Data block ▸

═══

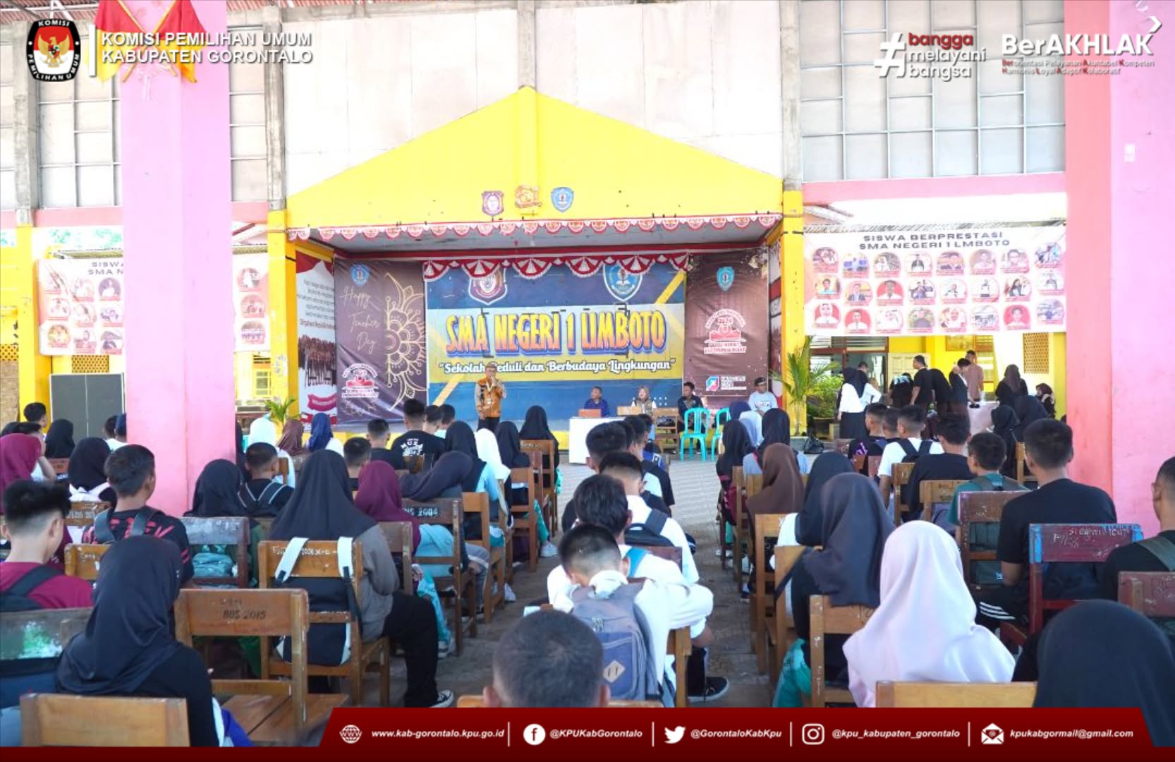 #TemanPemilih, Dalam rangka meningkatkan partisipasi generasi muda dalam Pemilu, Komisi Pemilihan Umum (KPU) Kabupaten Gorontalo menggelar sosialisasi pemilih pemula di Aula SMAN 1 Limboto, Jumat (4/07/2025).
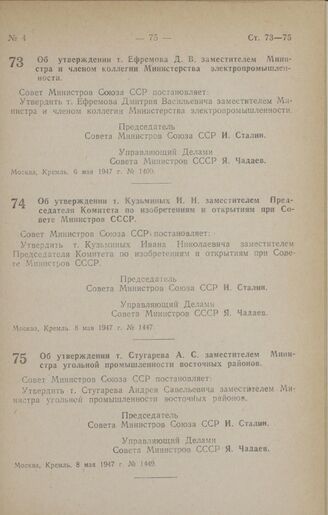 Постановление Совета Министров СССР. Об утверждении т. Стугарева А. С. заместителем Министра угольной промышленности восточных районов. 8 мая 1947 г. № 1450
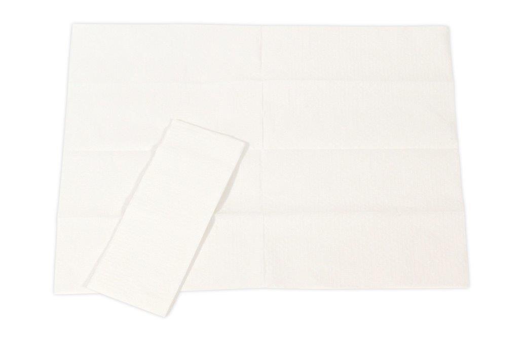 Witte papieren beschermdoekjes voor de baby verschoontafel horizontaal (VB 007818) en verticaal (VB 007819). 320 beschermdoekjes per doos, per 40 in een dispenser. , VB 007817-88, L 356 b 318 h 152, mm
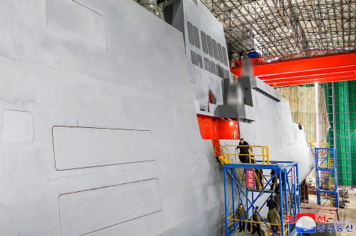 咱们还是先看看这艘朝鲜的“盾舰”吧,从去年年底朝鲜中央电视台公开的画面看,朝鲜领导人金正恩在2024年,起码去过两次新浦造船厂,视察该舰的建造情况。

═══

Exercise instructions ▸
Reproduce the opening lines of the material above exactly, ending with the line that contains "Постановление Совета Министров". Omit every picture.

The answer ▸
 #TemanPemilih, Dalam rangka meningkatkan partisipasi generasi muda dalam Pemilu, Komisi Pemilihan Umum (KPU) Kabupaten Gorontalo menggelar sosialisasi pemilih pemula di Aula SMAN 1 Limboto, Jumat (4/07/2025).
 Постановление Совета Министров СССР. Об утверждении т. Стугарева А. С. заместителем Министра угольной промышленности восточных районов. 8 мая 1947 г. № 1450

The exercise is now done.